Remembering our friend Winston

“Impedance mismatch.” It’s a funny little phrase to hear in everyday conversation, but one that Winston Hendrickson—longtime VP of engineering for Photoshop and many other Adobe efforts, friend and mentor to more people than I could possibly count—liked to sprinkle into chats. He’d use it to flag things that just didn’t make sense, little disconnects in the universe.

I’ve been thinking of it ever since learning yesterday that Winston had passed away following a long illness. I still can’t believe I’m typing these words. Something in the universe feels disconnected, out of phase.


As the dozens of remembrances now flooding Facebook can tell you, Winston was a beloved dad, respected leader, and passionate photographer. After years at Apple leading teams that began the Mac OS turnaround, he’d spent more than 17 years driving development at Adobe. We worked closely together to launch Adobe Bridge, helping tie together the very first version of Creative Suite.

I was a bit surprised later when Winston came over to lead Adobe’s digital imaging teams. I hadn’t realized that on any given weekend you’d likely find him lugging a 600mm lens & big SLR to his daughters’ softball games, an auto race at Laguna Seca, or a photo walk up California’s coastline. Photography took him from Tasmania to Antarctica and beyond, shooting everything from modern dance to SWAT teams in training. (See more here & here.) Winston had that special quality that distinguishes many key leaders at Adobe—a deep and passionate connection to the work, the tools, and most importantly the fellow practitioners we felt privileged to call customers.

I haven’t seen Winston in just over a year, since the day he dropped by to help my kids and many others explore some new Adobe augmented reality tools. He was exactly as he’d always been, looking good & always ready to share a salty joke. (Whenever we’d hear self-congratulation getting a little thick over the years, we loved deflating it by invoking Pulp Fiction’s Winston Wolf: “Well, let’s not start…” I’ve gotta think he’d laugh out loud hearing that reference stuck in a eulogy.)


Therefore yesterday’s news came as a shock. “The only easy day was yesterday,” said a sign on Winston’s door. Well, yesterday wasn’t.
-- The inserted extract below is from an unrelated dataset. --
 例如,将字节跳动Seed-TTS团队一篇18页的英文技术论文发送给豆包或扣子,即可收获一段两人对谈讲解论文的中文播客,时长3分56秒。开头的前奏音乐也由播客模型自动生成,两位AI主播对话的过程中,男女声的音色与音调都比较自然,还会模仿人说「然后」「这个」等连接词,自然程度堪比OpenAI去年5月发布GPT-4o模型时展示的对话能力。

I’ve struggled to write any kind of worthwhile tribute, to find some Big & Meaningful Theme. Listening to colleagues’ and friends’ remembrances, though, I’ve started to think more in terms of a mosaic: we all reach back across time, pulling up whatever bunch of shining fragments we can, and we lay them together to draw the outlines of a life.

“Should you live for your résumé or your eulogy?” Winston’s life showed how one can serve both, and we’re all blessed for it. Thanks for everything, big guy, and safe travels. —J.
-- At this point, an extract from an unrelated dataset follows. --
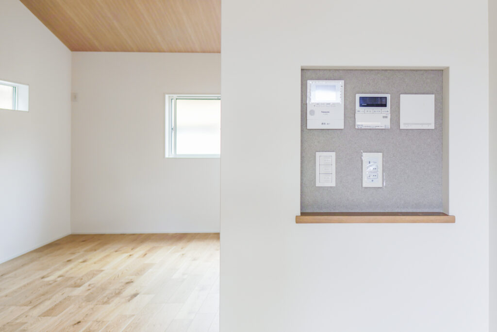 リビングから見えないダイニング側の壁にスイッチ用のニッチを設置。

13 thoughts on “Remembering our friend Winston

  1. John, This is a lovely tribute to Winston. Thank you for sharing the words and the photo of his smile! What a wonderful man he was and I’m sure he will continue to touch us all in some way.

    Hugs to you and your family,

  2. The only measure I have of Winston is the impact he’s had on others, since I only met him sporadically over the years. But the awe, respect, and love I saw from others was inspiring and just a touch intimidating. Those qualities have been shared and magnified much since his death, and so the measure I now have is beyond reckoning.
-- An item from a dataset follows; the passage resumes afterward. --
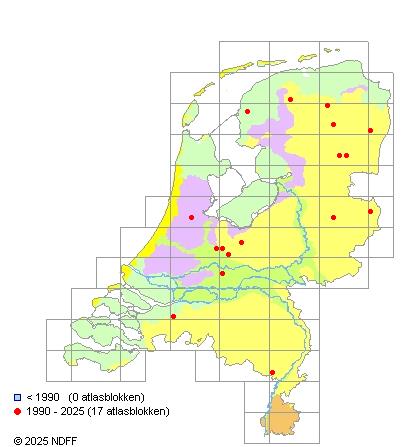 Het aantal atlasblokken (5x5 km) waarin de soort is gemeld binnen een periode van vijf jaar (vanaf 1980) of twintig jaar. Niet gecorrigeerd voor waarnemersinspanning en het aantal doorgegeven waarnemingen kan sterk variëren per periode, dus een trend in verspreiding kan hier niet direct uit worden afgelezen. Het opgegeven jaartal is het eerste jaar van de periode. Bron: gevalideerde waarnemingen uit de NDFF.

    What a beautiful thing to bring such riches to the world.

  3. What a tribute to a man so worthy! Thanks for saying what so many of us feel. The world is better for having had Winston in it. My life richer for knowing him. And now the world loses a great leader, person and just quality person.

  4. Thank you for all the great memories you captured for our family! Winston has given us a peace of him that we will forever cherish. Rest In Peace! May his family find peace and happiness knowing that Winston touched so many of us.

  5. Thank you so much for this, John. I didn’t know him nearly as well as others but, three times today, I’ve had to change course in my daily work because his is such a vast loss. I love that he will continue to live on in the DNA of our company – our code, our products. Sad, sad day. Thank you.

  6. So sorry to hear this. I worked on Bridge back in the day for Winston and one of my enduring Adobe memories is the time I caught a ride from some team outing back to San Jose with Winston in his pickup truck. I wasn’t quite sure about riding with the boss, but we talked the whole drive about our families, work, photography, the truck, whatever, and before I knew it we were back. Ok, I know its not an exciting story, but its my small example of his kindness. He was a good guy to hitch a ride with and a pleasure to work for. Rest in peace Winston.

  7. “For death is no more than a turning of us over from time to eternity.”
    – William Penn

    Very saddened to hear this news, but we won’t forget you Winston. Thank you for everything you’ve done to make our world a better place.

    1. I am a peripheral player in his life, having been a college softball mom. I was impressed with his willingness, and interest to share a few tidbits about the evolution of the photoshop program I was immersed in since PS3.
      He was intrigued by my feedback on the then new Lightroom issue interfaced with Photoshop and I was impressed he lived his technology as a photographer.
      His is a glittering legacy, and I benefitted greatly from it as a digital artist, and fellow softball parent. You cannot fill those shoes.